In his 2002 book, Andrew Robinson, then literary editor of a London higher education supplement, argued that “successfully deciphering archaeological puzzles requires a synthesis of logic and intuition… which computers do not possess (and probably cannot possess).”
Regina Barzilay, an assistant professor at the MIT Computer Science and Artificial Intelligence Lab, Ben Snyder, a graduate student in her lab, and Kevin Knight of the University of Southern California took that claim personally. At the annual meeting of the Association for Computational Linguistics in Sweden next month, present a paper on a novel computer system that deciphered a enormous part of the old Semitic language Ugaritic in a matter of hours. In addition to helping archaeologists decipher about eight old languages that have so far resisted their efforts, the work could also assist expand the number of languages that automated translation systems like Google Translate can handle.
To replicate the “intuition” that Robinson says computers can’t grasp, the researchers’ software makes several assumptions. The first is that the language being deciphered is closely related to another language: in the case of Ugaritic, the researchers chose Hebrew. The second is that there’s a systematic way to map the alphabet from one language to the alphabet from another, and that correlated symbols will occur with similar frequency in the two languages.

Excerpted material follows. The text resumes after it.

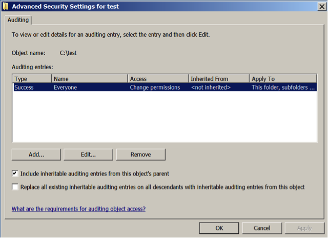 First we need to enable the File System audit subcategory. You’ll find this policy in any group policy object under Computer Configuration\Windows Settings\Security Settings\Advanced Audit Policy Configuration\System Audit Policies\Object Access. Enable File System for success. (By the way, make sure you also enable Computer Configuration\Windows Settings\Security Settings\Local Policies\Security Options\Audit: Force audit policy subcategory settings to override audit policy category settings to make sure your audit policy takes effect. Now you need to enable object level auditing on the root folders containing your unstructured data. For instance if you have a shared folder called c:\files, go to that folder in Windows Explorer, open the security tab of the folders properties, click Advanced and select the Auditing tab. Now add an entry for Everyone that enables successful use of the Change permissions as shown below.

The system makes a similar assumption at the word level: languages should have at least some cognates or words with common roots, such as in French and Spanish, or and . Finally, the system makes a similar mapping for parts of words. For example, a word like “overloading” has both a prefix — “over” — and a suffix — “ing.” The system predicts that other words in the language will have the prefix “over” or the suffix “ing,” or both, and the cognate of “overloading” in another language — say, “surchargeant” in French — will have a similar three-part structure.
Crosstalk
The system recreates these different levels of correspondence from itself. For example, it might start with several competing hypotheses about alphabetic mappings based entirely on symbol frequency—mapping symbols that occur frequently in one language to those that occur frequently in another. Using a kind of probabilistic modeling common in AI research, the system would then figure out which of these mappings seems to identify a set of consistent suffixes and prefixes. From that, it could look for word-level correspondences, which in turn could assist it refine its alphabetic mappings. “We iterate through the data hundreds, thousands of times,” Snyder says, “and each time, our guesses get more likely because we’re actually getting closer to a solution where we get more consistency.” Eventually, the system reaches a point where changing the mappings no longer improves consistency.
Ugaritic has already been deciphered: otherwise, the researchers would have no way of assessing their system’s performance. The Ugaritic alphabet has 30 letters, and the system correctly mapped 29 of them to their Hebrew equivalents. About a third of the words in Ugaritic have Hebrew equivalents, and of those, the system correctly identified 60 percent. “Of the ones that are wrong, they’re often only wrong by one letter, so they’re often very good guesses,” Snyder says.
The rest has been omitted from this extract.